Find out the effort required to run this machine:
The efficiency of a machine is 75% while an effort of 20 N is required to lift a load of 160 N. Compute the velocity ratio and frictional force of the machine in terms of effort and load. What is the law of machine if frictional resistance of the machine is constant? Find out the effort required to run this machine at a load of 200 N.
Solution
Given :
Efficiency (η) = 75% Effort (P) = 20 N
Load lifted (W) = 160 N
Mechanical Advantage (M A) = 160 /20 = 8
Velocity Ratio (V R) = MA/ η = 8.0/ 0.75
= 10.67 Ans.
Frictional force in terms of load (FW) = P × V R - W
or FW = 20 × 10.67 - 160
= 53.4 N
Frictional force in terms of effort (F _{P} ) = P - (W/ V R)
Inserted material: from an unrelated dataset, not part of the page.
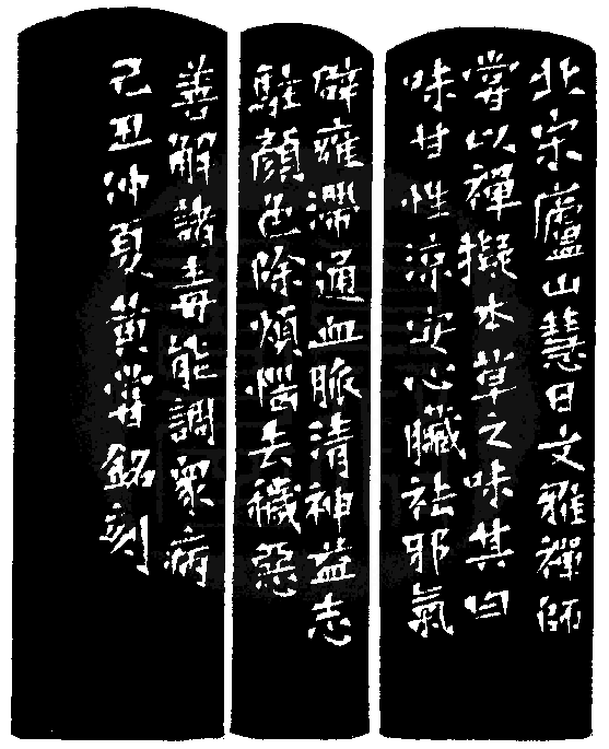黃嘗銘.五十六歲/刻〔禪〕長方白文印。邊款為【北宋廬山慧日文雅禪師嘗以禪擬本草之味,其曰:味甘,性涼,安心臟,祛邪氣,辟雍滯,通血脈,清神益志,駐顏色,除煩惱,去穢惡,善解諸毒,能調眾病。己丑仲夏,黃嘗銘刻。】昌化雞血石。
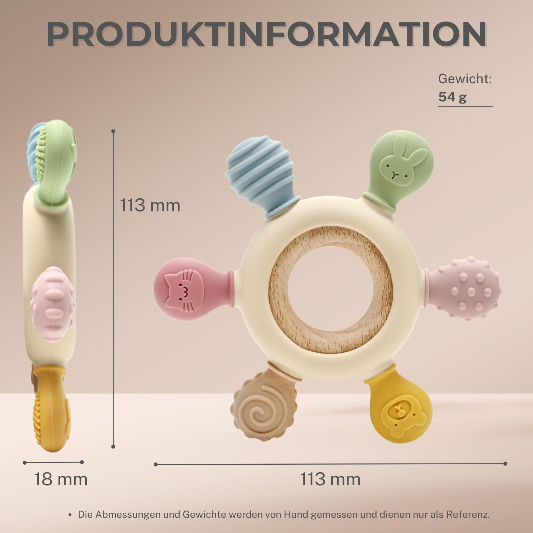 Thanks to its robust material, the teething ring is dishwasher safe , can be refrigerated, or sterilized, and thus remains hygienically clean. The cute animal design makes teething more pleasant and makes a lovely gift for a new baby, baby shower, or birthday.

or F_{P} = 20 - (160 /10.67) = 5 N
The effort needed to overcome friction is 5 N, which is constant. In the law of machine, the factor C is constant which is equal to effort required when load lifted is zero.
Therefore, C = FP = 5 N
Therefore, law of the machine can be written as :
P = m W + 5
For P = 20 N and W = 160 N
20 = 160 m + 5
or m = (20 - 5) /160=15/160 = 3 /32
Substituting for m, the law of machine is given by :
P = (3/32) W + 5 Ans.
For load W = 200 N
P = (3 /32) × 200 + 5 = 23.75 N Ans.